What is it? Sarah said, coming down the hallway.

Nora watched, clenching her teeth, as the force of Harrow’s muffled words started to hit Sarah’s face.

The impact of Harrow’s language on Sarah seemed much worse than it was on her—a single syllable eliciting vomiting, sentences starting nosebleeds—so Nora took Harrow to the garage and sat with the door pulled closed.

He wrote: I don’t want to.

She told him she didn’t care. Turned the light out so he couldn’t see what was happening to her. Gripped him by the wrist and told him what to do.

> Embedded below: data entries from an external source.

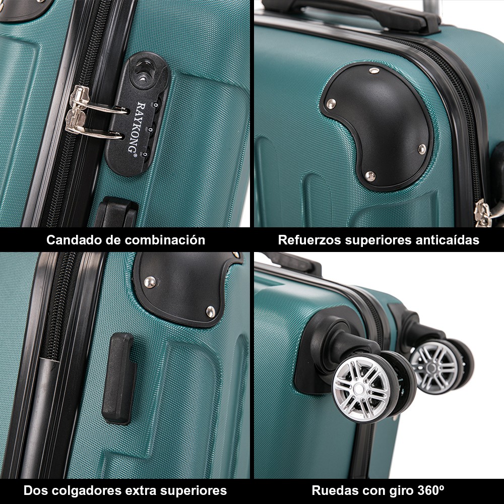 Juego de 3 Maletas ABS Cabina 55x40x20cm | Mediana 66x43x25cm| Grande 76x49x29cm - Verde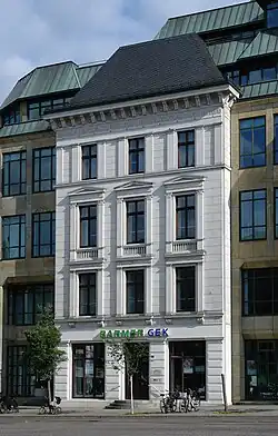 Die viergeschossige, verputzte, dreiachsige Fassade mit einem kräftigen Traufgesims ist der Überrest eines Kaufmannshauses, das 1857 in der Epoche Klassizismus für den Kaufmann Johann Heinrich Schmidt gebaut wurde. Die Fassade zeigt eine deutliche Teilung in Sockel-, Haupt- und Attikageschoß. Darüber deutet der Rest eines Walmdaches die frühere Dachform an, die aber heute deutlich steiler ist als früher.
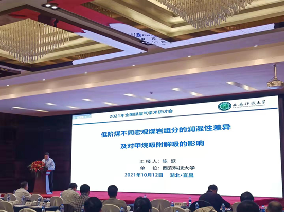 太阳成集团tyc122ccvip资源勘查工程系青年教师陈跃在会上作了题为“低阶煤不同宏观煤岩组分润湿性差异及对甲烷吸附解吸的影响”学术报告,重点围绕低阶煤不同宏观煤岩组分的物质组分及孔隙结构、润湿性差异及影响因素、润湿性及孔隙结构对煤层气吸附解吸的控制作用三个方面进行了深入交流和研讨。相关研究成果获得了与会专家学者的高度认可,参会论文入选优秀论文并被推荐至煤炭行业知名期刊《煤炭科学技术》发表,引起了热烈反响。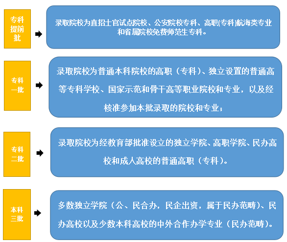 不同省份,可以根据当地的需求,设定不同的录取批次,以2018年部分省份录取批次设置为例: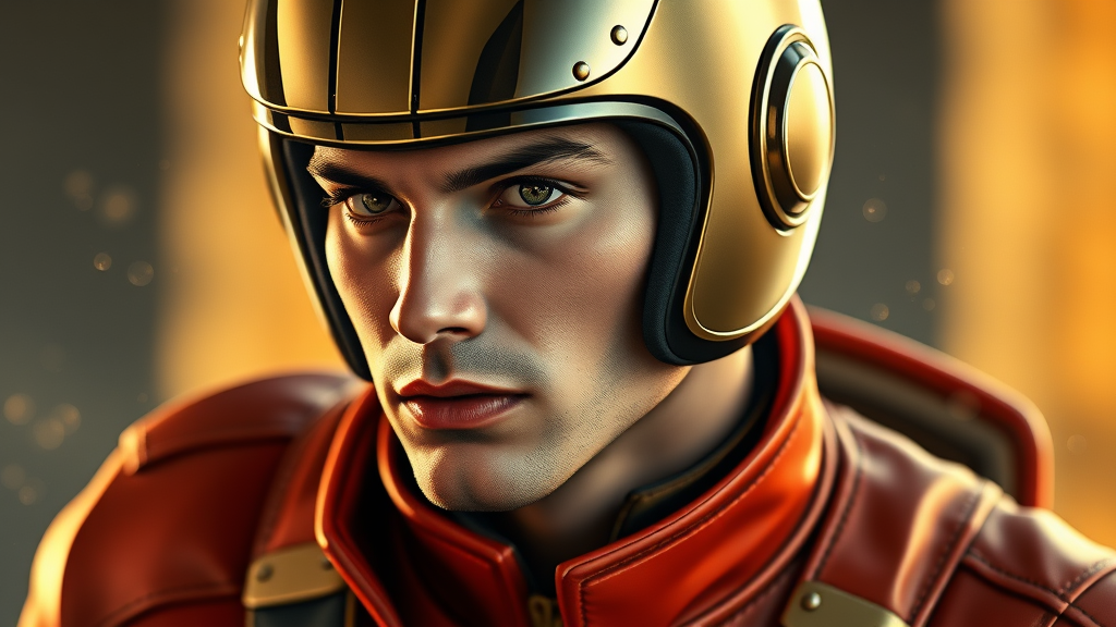 Male superhero in a Rocketeer-inspired outfit, featuring a sleek, polished helmet without any symbols. The suit closely resembles the iconic one from the Rocketeer movie, exuding an air of vintage charm while showcasing modern updates with intricate detailing. The face is meticulously detailed, with expressive, piercing eyes that convey a sense of resolve and intelligence, a real and distinct visage that stands out. His physique reflects peak fitness, illustrating strength and agility. The full body portrait is captured in stunning 8k resolution, offering hyper-realistic detail and intricacy. The art style combines the cinematic lighting and elegance reminiscent of Greg Rutkowski, Artgerm, WLOP, and Alphonse Mucha. Using a triadic color palette, the artwork’s dynamic composition and vibrant hues capture the essence of heroic grandeur. Rendered as splash art that is trending on Artstation, the piece exhibits an unparalleled sense of motion and energy, evoking the timeless allure of classic heroism with a modern twist, while subtle creative nuances imbue a fresh artistic narrative.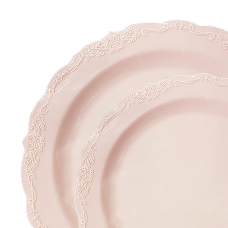 Pink Vintage Round Disposable Plastic Dinnerware Set (120 Dinner Plates+120 Salad Plates),240PK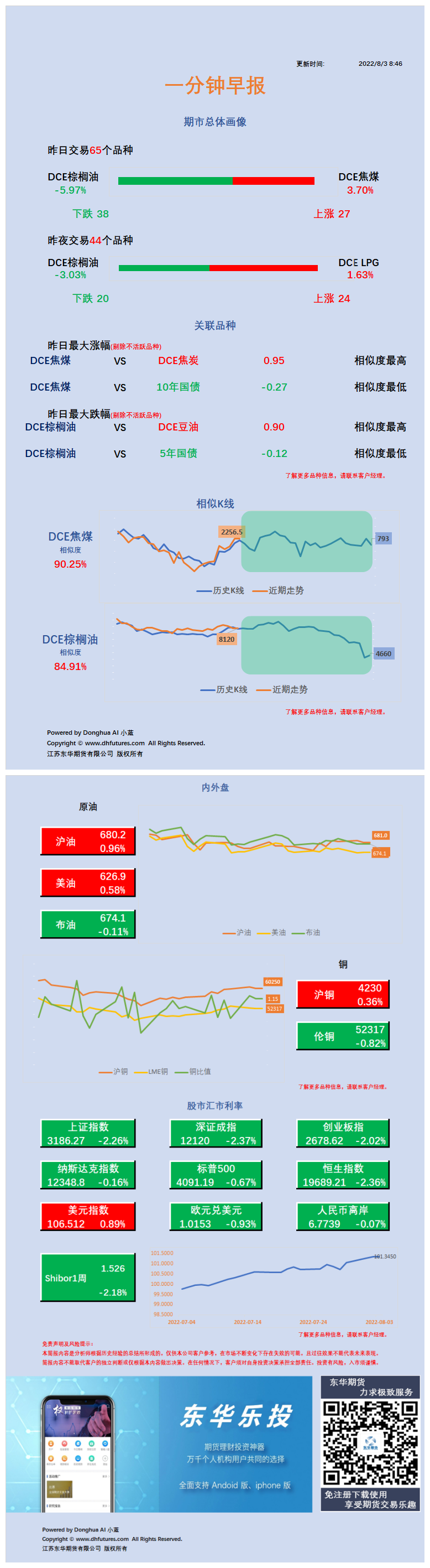 关联品种:昨日涨幅最大的焦煤与焦炭有较高的相关性,昨日跌幅最大的棕榈油与豆油有较高的相关性。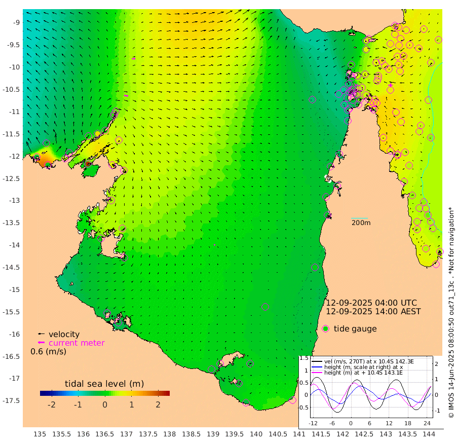 36cm/s 99T +3cm/s rms + 7cm/s -42T. ARA-GOC87 57m 12cm/s 151T +3cm/s rms + 2cm/s -2T. ARA-GOC87 60m 30cm/s 85T +2cm/s rms + 3cm/s 61T. ARA-GOC87 47m 92cm Daru 94cm Bobo Island 56cm Meer Island Barge 64cm Bramble Cay 77cm Unnamed Cay 84cm Pearce Cay 78cm Stephens Island 72cm Merrie England Shoals 77cm Mutacomal Reef 81cm Darnley Island Barge 51cm East Cay 87cm Yorke Island Barge 75cm Rennel Island 88cm Aureed Island 82cm Dungeness Reef 87cm Zagai Island 68cm Yam Island 62cm Dauan Island 57cm Saibai Island 72cm Phipi Reef 87cm Warrior Reef - West 20cm Mabuiag Island Barge 77cm Half Way Island 85cm Coconut Island 76cm Dugong Islet 74cm Poll Island 72cm Kirkcaldie Reef 64cm Suarji Island 74cm Sue Islet -54cm Hawkesbury Island 47cm Alert Patches 52cm Twin Island -21cm Badu Island 57cm St Pauls (Moa Island) -11cm Kubin (Moa Island) 26cm Ince Point 10cm Thursday Island 15cm Nardana Patches -7cm Turtle Head -24cm Round Island -43cm Goods Island -65cm Booby Island -69cm White Rocks Area -55cm Carpentaria 43cm Papou Point -52cm Bampfield Head -52cm Crab Island -65cm Red Wallis Island -27cm Packe Island 83cm Harrington Reef -51cm Herald Camp 18cm Sharp Point -18cm Red Island Point 24cm Possession Island 48cm Alpha Rock 67cm Frederick Point 83cm Wyborn Reef Light 80cm Tetley Island 49cm Triangle Reef 88cm Turtle Head Island 46cm Maclennan Cay 34cm Raine Island 76cm Mcsweeny Reef 70cm Collette Reef 51cm Shadwell Reef 77cm Hannibal Island 60cm Round Point -52cm Vrilya Point 52cm Cape Grenville 54cm Hicks Island 51cm Sir Charles Hardy Island 18cm Harvey Island 41cm Kay Reef 39cm Rocky Island 31cm Chapman Island 30cm Ham Reef 39cm Jubilee Reef 40cm Night Island 30cm Unnamed Reef No. 3 40cm Morris Island 41cm 1st 3 Mile Opening 40cm Creech Reef 44cm Fife Island 44cm Eden Reef 38cm Stanley Island 38cm Normanby River -36cm Yabooma Island -8cm Hutchison River -23cm Elcho Island -35cm North West Crocodile Island 27cm Cape Wessel 5cm Stevens Island 92cm Guluwuru Island -6cm Hopeful Bay 17cm Auster Point 18cm Two Island Bay 49cm Cadell Strait 214cm Mallison Island 70cm Melville Bay (Gove Harbour) 76cm Truant Island 63cm Cape Arnhem 38cm Cape Grey 26cm Hawk Island 1cm Milner Bay (Groote Eylandt) -9cm Cape Beatrice -31cm West Island -29cm Centre Island -5cm Mornington Island -13cm West Wellesley Islands -22cm Bountiful Island -30cm Albert River Mouth -23cm Sweers Island -32cm Karumba -7cm Nassau River Offshore -2cm Christmas Creek -19cm Archer River -19cm Boyd Point -30cm Weipa (Humbug Point) -21cm Pennefather River -47cm Cullen Point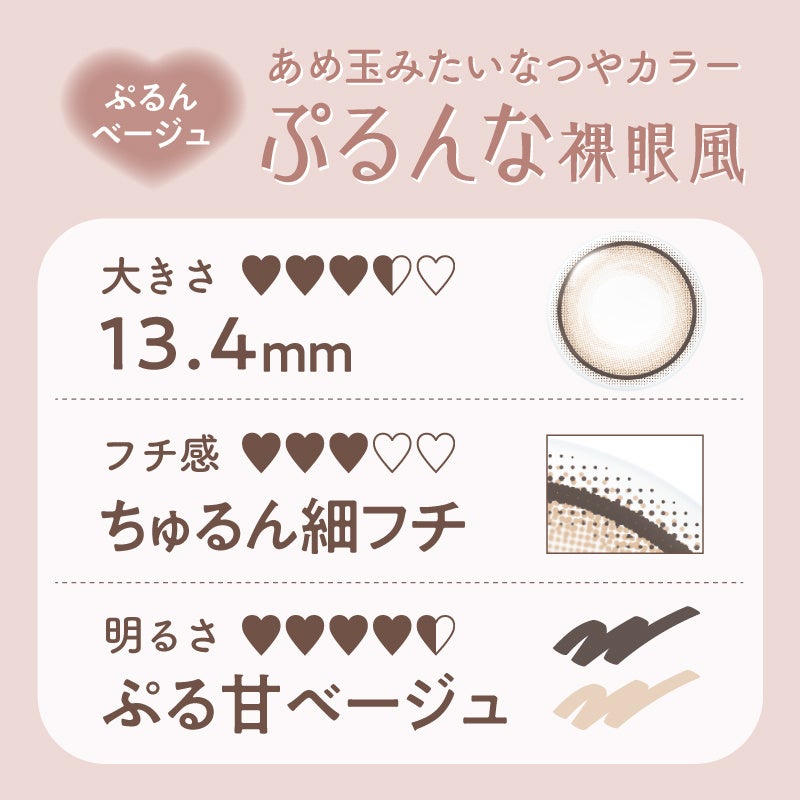 ぷるぷるでつや感たっぷりの儚げベージュ。光を宿す白みベージュと超極細フチでぷるんと透けるような瞳に。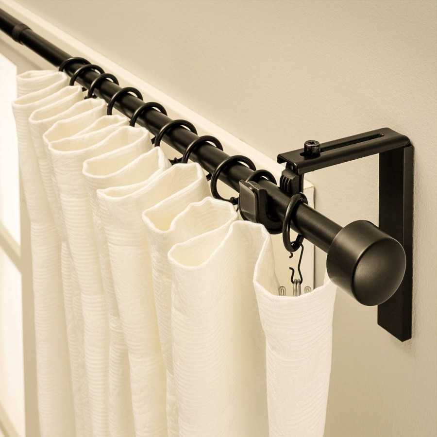 - Расстояние от стены подбирается таким образом, чтобы шторы не касались подоконника и батареи отопления.
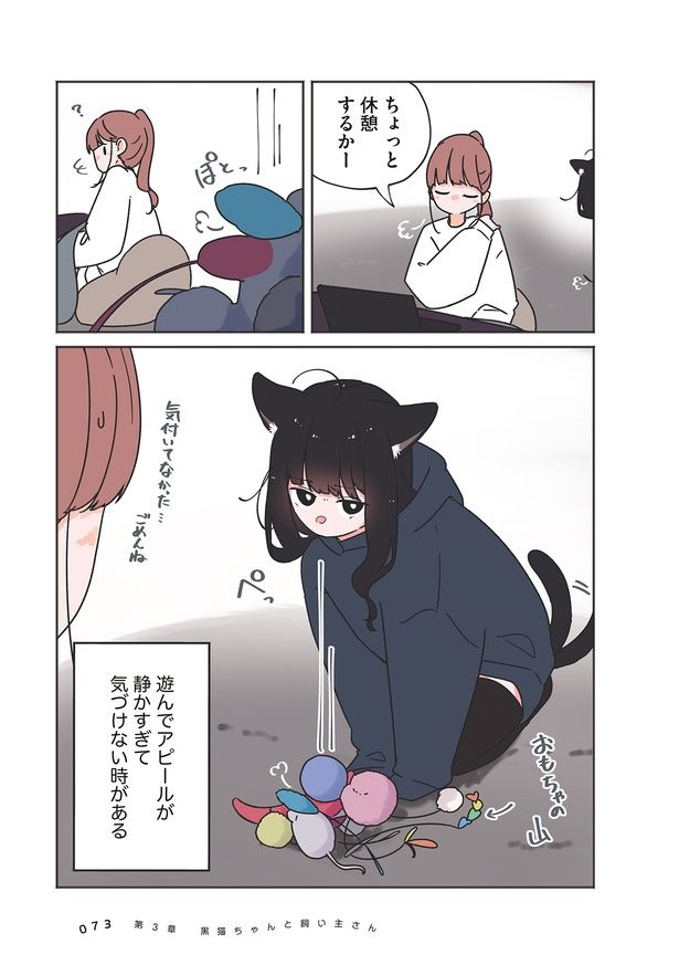 3. 「こね」職人たちの朝は早い。朝起きると、よく使うクッションを猫がこねていて?/うちの黒猫、おんなのこ⑨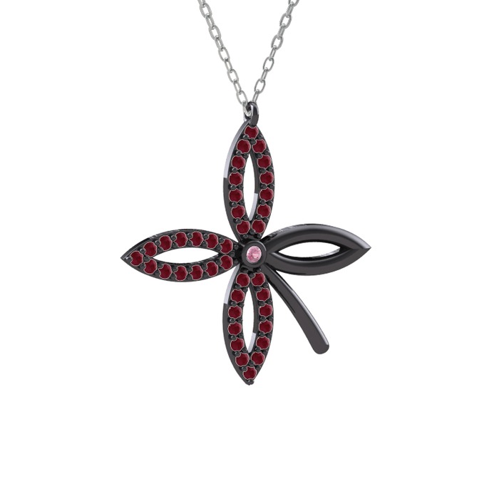 Pembe kuvars ve kök yakut 925 ayar siyah rodyum kaplama gümüş kolye (40 cm beyaz altın rolo zincir)

They tried out all the letters one by one, cycling through the alphabet twice until she dug her nails hard into his palms and then he was quiet. They worked through nouns, verbs, adjectives. She made him try out adverbs, pronouns and prepositions. She tested herself by waiting for pain, noting down the area and velocity at which it came. When a word seemed to elicit less pain or appear in an area which seemed less extreme (for example her arms or legs as opposed to her face or torso) she squeezed his hand twice to make him repeat it. Mostly the word repeated would bring on pain in a different area or of a different type and then they would carry on. If the word caused in any way a similar reaction she noted it down.

At first the word ‘partial’ seemed to have a reaction less extreme than others. This was later proved to be otherwise. At first the phrase ‘wanted scrabble she’ appeared to elicit pain after a longer than normal waiting period. This too turned out to be incorrect.

But if anyone could fix him it was her.

She caught the neighbor’s rabbit on one of its escape trips and brought it down in her arms into the garage.

He wrote: That’s enough. I don’t need to speak.

She held the rabbit, not wriggling, only sniffing a little, in her arms. Come on, she said.

He wrote: Fuck you backwards with a broomstick.

She told him to go through his consonants the way they’d done before and she would tell him when to stop. She sat numbly as he did it, holding the rabbit. It fought her. She could feel his words on its body.

Later she went round with the rabbit in a plastic bag, told them she’d found it in the garden.